Track a Run¶
The workflow layer is enough to describe computation, but it is not enough to preserve a research record. As soon as you care about reruns, artifacts, profile metadata, or reusable assets, you need the workspace layer.
The Persistent Hierarchy¶
MolExp stores persistent state as Workspace -> Project -> Experiment -> Run. The workspace is the root directory. The project groups related work. The experiment is the repeatable definition of one workflow plus one parameter set. The run is one concrete execution attempt under that definition.
That split is the heart of the model. An experiment is not the same thing as a run. The experiment says what should be repeatable. The run records what actually happened this time.
Binding a Workflow to an Experiment¶
import molexp as me
from molexp.workflow import Workflow
ws = me.Workspace("./lab")
project = ws.Project("qm9")
exp = project.Experiment(
"baseline",
params={"lr": 1e-3},
workflow_source="train.py",
)
spec.bind_to(exp)
set_workflow lives in molexp.workflow.bindings. It records the
Workflow in a process-local registry keyed by experiment.id so
the CLI, server routes, and agent tools can later retrieve it via
Workflow.for_experiment(experiment). The previous workspace-side
exp.set_workflow(...) method was removed when the layer direction was
rectified — workspace no longer carries any workflow-shaped types.
Workspace(...) itself is lightweight. The workspace record is materialized explicitly with ws.materialize() or implicitly when the first child object is created. In ordinary usage, calling ws.Project(...) is enough to create the real on-disk hierarchy.
Creating a Stable Run¶
When you create runs directly from Python, the safest habit is to give them explicit ids:
That explicit id makes the run directory stable and easy to reason about. If you omit the id, MolExp creates a fresh run identity. The CLI behaves differently: it derives deterministic run ids from the resolved parameters, replica index, and active profile metadata so that repeated molexp run invocations can find the same run again.
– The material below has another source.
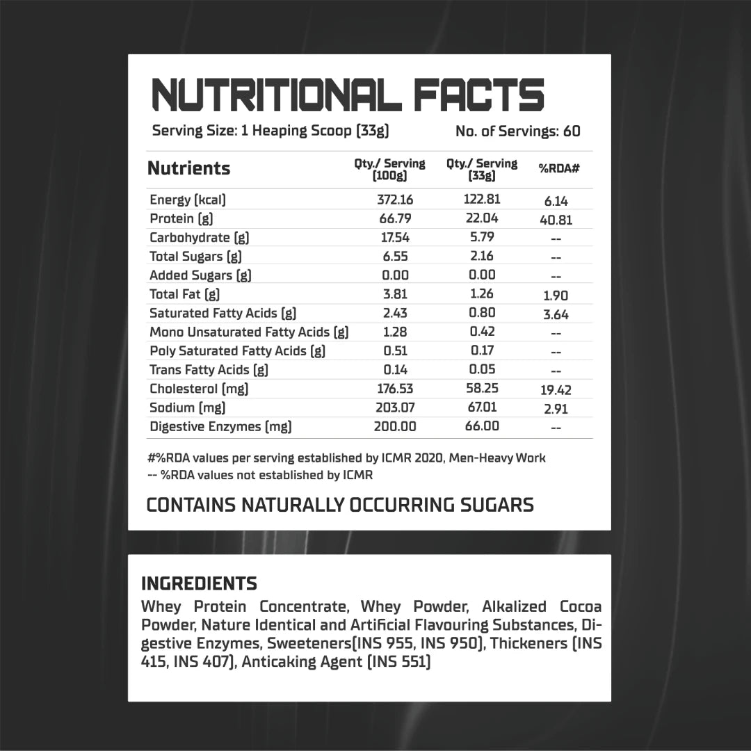 - Each serving delivers 22g of high-quality whey protein, enriched with 66mg of digestive enzymes for optimal absorption and digestion.

Recording Results, Artifacts, and Assets¶
Once a workflow runs under a Run, the task context gains workspace-backed helpers:
@wf.task(depends_on=["fetch"])
async def train(ctx: TaskContext) -> dict:
dataset = ctx.find_asset("training-data")
loss = 0.05
ctx.set_result("final_loss", loss)
ctx.artifact.save("metrics.json", {"loss": loss})
ctx.log("train").append(f"loss={loss}")
return {"loss": loss, "dataset": dataset.path if dataset else None}
ctx.set_result(...) stores lightweight structured values on the run record. ctx.artifact.save(...) writes a file under the run's artifact directory and registers an ArtifactAsset in the catalog. ctx.log(name) returns a bound log handle that appends lines into logs/<name>.log. ctx.find_asset(...) walks the unified asset hierarchy from run to experiment to project to workspace, which is what allows task code to ask for named resources without hard-coding one particular disk path.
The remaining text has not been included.